#### Work instructions
Print exactly the lines below between the line containing "EN CHARGING 1." and the line containing "A 100% cotton", counting both of those lines. Leave pictures out.

#### Excerpted records
- - - - - - -
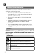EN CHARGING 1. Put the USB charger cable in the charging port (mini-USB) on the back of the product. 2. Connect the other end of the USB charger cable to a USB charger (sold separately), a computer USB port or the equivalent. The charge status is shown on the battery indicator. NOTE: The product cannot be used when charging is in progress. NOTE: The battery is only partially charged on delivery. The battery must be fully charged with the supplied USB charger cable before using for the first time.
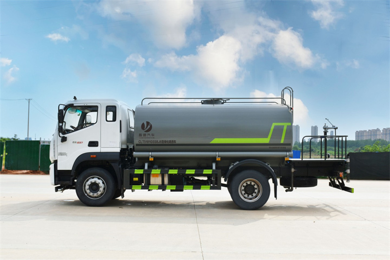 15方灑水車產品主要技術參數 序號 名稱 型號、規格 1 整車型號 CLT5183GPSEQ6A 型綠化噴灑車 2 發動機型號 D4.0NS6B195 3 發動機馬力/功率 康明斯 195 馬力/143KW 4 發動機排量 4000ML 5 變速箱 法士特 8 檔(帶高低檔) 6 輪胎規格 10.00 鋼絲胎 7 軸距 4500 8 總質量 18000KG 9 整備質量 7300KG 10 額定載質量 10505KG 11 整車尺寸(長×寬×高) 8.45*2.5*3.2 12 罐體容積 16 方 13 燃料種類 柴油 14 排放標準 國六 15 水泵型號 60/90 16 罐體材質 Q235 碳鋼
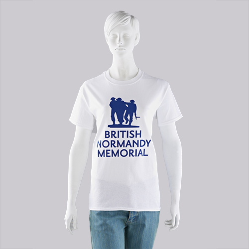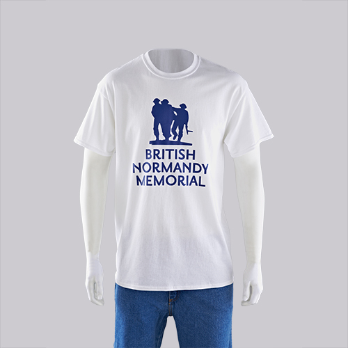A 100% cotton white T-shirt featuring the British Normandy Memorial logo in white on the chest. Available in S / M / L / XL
- - - - - - -
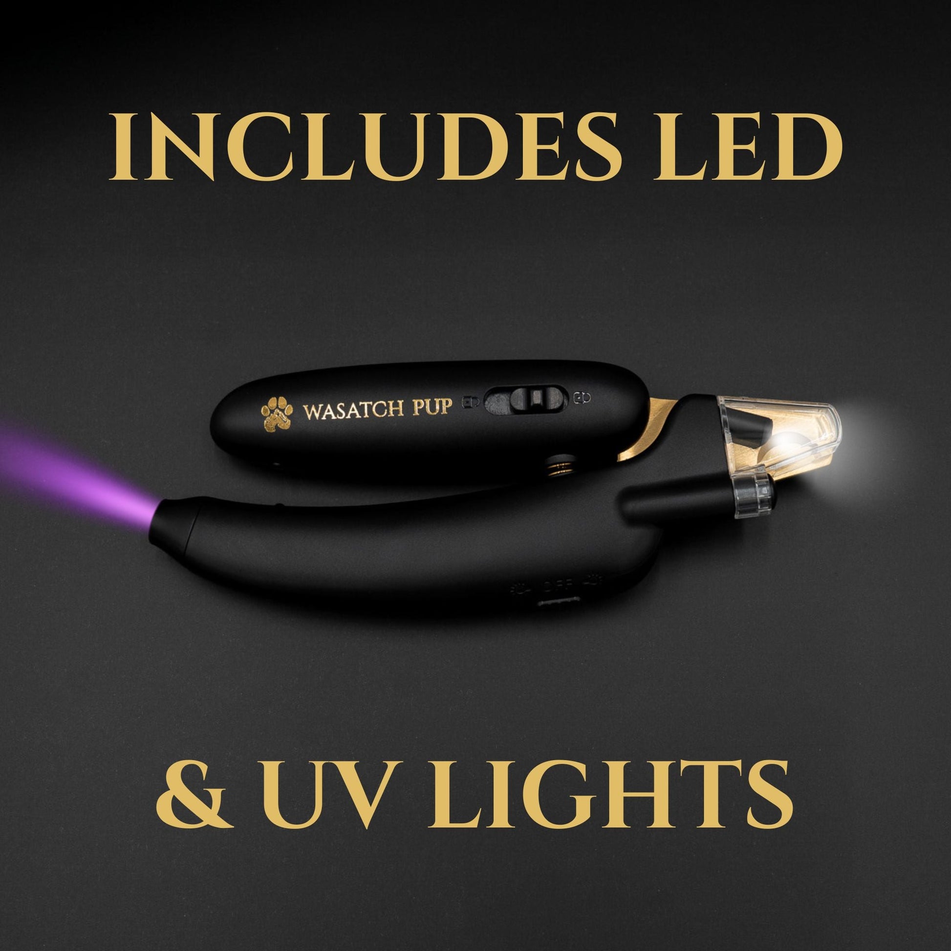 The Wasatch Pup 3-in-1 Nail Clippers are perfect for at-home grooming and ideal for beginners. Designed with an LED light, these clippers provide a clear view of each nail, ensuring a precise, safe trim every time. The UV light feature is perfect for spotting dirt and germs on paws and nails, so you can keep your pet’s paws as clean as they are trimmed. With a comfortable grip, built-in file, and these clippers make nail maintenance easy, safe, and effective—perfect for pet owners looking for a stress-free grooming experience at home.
- - - - - - -
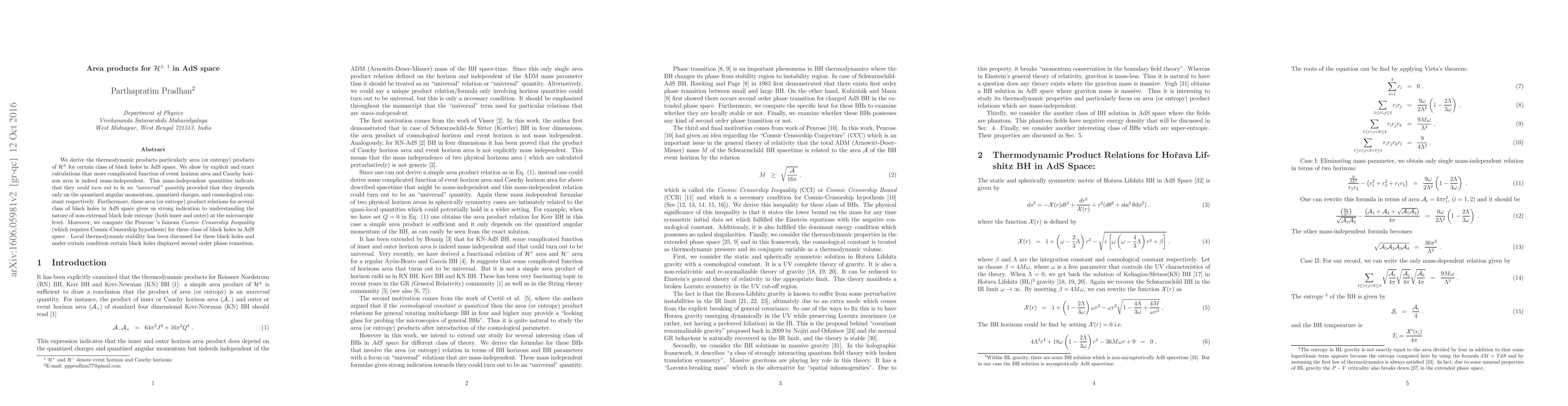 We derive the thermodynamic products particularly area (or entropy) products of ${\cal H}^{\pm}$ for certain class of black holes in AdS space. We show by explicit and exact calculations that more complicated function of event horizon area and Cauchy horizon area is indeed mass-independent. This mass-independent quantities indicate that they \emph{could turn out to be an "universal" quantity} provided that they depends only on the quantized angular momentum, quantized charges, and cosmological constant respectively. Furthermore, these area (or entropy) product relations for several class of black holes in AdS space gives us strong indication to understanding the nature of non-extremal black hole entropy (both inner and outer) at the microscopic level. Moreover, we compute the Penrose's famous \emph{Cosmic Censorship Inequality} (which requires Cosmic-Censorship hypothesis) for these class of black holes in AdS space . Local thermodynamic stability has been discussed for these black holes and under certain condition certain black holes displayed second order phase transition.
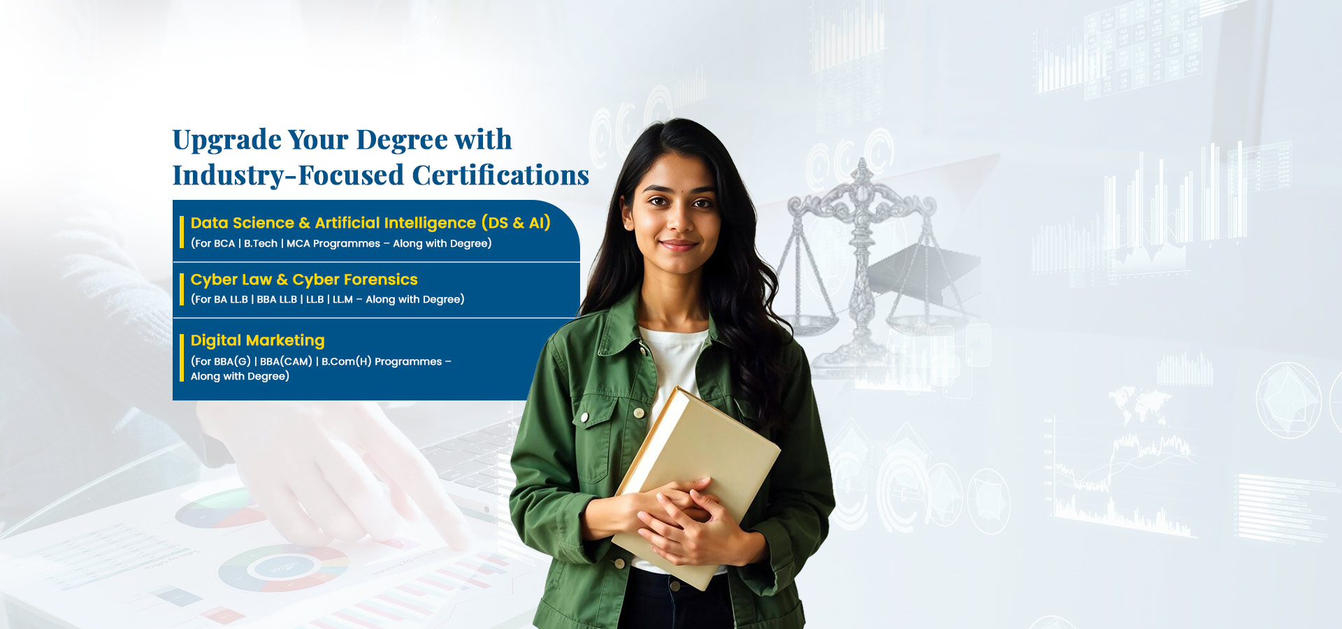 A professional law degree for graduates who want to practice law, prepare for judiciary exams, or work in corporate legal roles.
- - - - - - -
#### Exercise solution
EN CHARGING 1. Put the USB charger cable in the charging port (mini-USB) on the back of the product. 2. Connect the other end of the USB charger cable to a USB charger (sold separately), a computer USB port or the equivalent. The charge status is shown on the battery indicator. NOTE: The product cannot be used when charging is in progress. NOTE: The battery is only partially charged on delivery. The battery must be fully charged with the supplied USB charger cable before using for the first time.
 15方灑水車產品主要技術參數 序號 名稱 型號、規格 1 整車型號 CLT5183GPSEQ6A 型綠化噴灑車 2 發動機型號 D4.0NS6B195 3 發動機馬力/功率 康明斯 195 馬力/143KW 4 發動機排量 4000ML 5 變速箱 法士特 8 檔(帶高低檔) 6 輪胎規格 10.00 鋼絲胎 7 軸距 4500 8 總質量 18000KG 9 整備質量 7300KG 10 額定載質量 10505KG 11 整車尺寸(長×寬×高) 8.45*2.5*3.2 12 罐體容積 16 方 13 燃料種類 柴油 14 排放標準 國六 15 水泵型號 60/90 16 罐體材質 Q235 碳鋼
A 100% cotton white T-shirt featuring the British Normandy Memorial logo in white on the chest. Available in S / M / L / XL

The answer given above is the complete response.